The European Parliament Committee on Foreign Affairs upheld a motion on condition of the resolution of the current human rights situation in Turkey, on Wednesday.
The motion to suspend the membership negotiations of the EU candidate country started in 2005 and was recently accompanied by findings in the draft report crafted by EU Rapporteur, Kati Piri. Committee members voted 47 to 7 in favour with 10 members abstaining.
The general vote by the European Parliament will be held next month, with the motion requiring a qualified majority vote to pass the parliamentary assembly and, as an advisory resolution, will not bind the executive bodies of the EU.
Ongoing deterioration in fundamental rights and freedoms
While appreciating the termination of the state of emergency in 2018, Kati Piri’s report on Turkey points to the fact that regulations undertaken by the emergency decrees are still in force, while underlining “the ongoing deterioration in fundamental rights and freedoms, the rule of law and the lack of judicial independence in Turkey.”
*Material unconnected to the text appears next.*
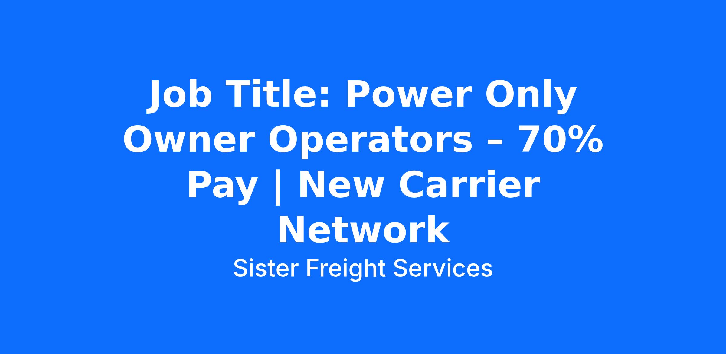 Sister Freight Services LLC is building a new Carrier Network and onboarding Power Only Owner-Operators for consistent trailer moves and drop and hook opportunities.

Piri’s report also mentions “the use of arbitrary detention and judicial and administrative harassment to persecute tens of thousands of people,” urging the Turkish authorities to “immediately and unconditionally release all those who have been detained only for carrying out their legitimate work, exercising freedom of expression and association and are being held without compelling evidence of criminal activity.”
Judicial procedure “a joke”
The report also underlines the cases of opposition leader Selahattin Demirtas and businessman Osman Kavala, a human rights activist jailed on coup charges for his role in Gezi protests that took place in 2013. The indictment of Kavala was made public on Wednesday and slammed by Piri, who likened the judicial procedure to “a joke.”
Piri was denounced by Turkey following the failed coup of 2016, with Turkish authorities claiming that “the rapporteur lost her impartial stance regarding the country,” for her remarks reprimanding the post-coup measures taken by Ankara.
The harsh criticism directed toward the rapporteur by the pro-government media climaxed during her last visit to Turkey in September 2018, where she met opposition leaders Kemal Kilicdaroglu, Meral Aksener, and Basak Demirtas, the spouse of Selahattin Demirtas, the jailed former head of pro-Kurdish Peoples’ Democratic Party (HDP).
Piri told the reporters in a press conference in October 2018 that Turkish media “portrayed her as the devil.”
One of the report’s crucial points is the mention of torture allegations made by rights groups and UN officers, which calls on Turkey to “carry out a thorough investigation into those allegations,” reiterating its call “to make public the report of the Council of Europe’s Committee for the Prevention of Torture.”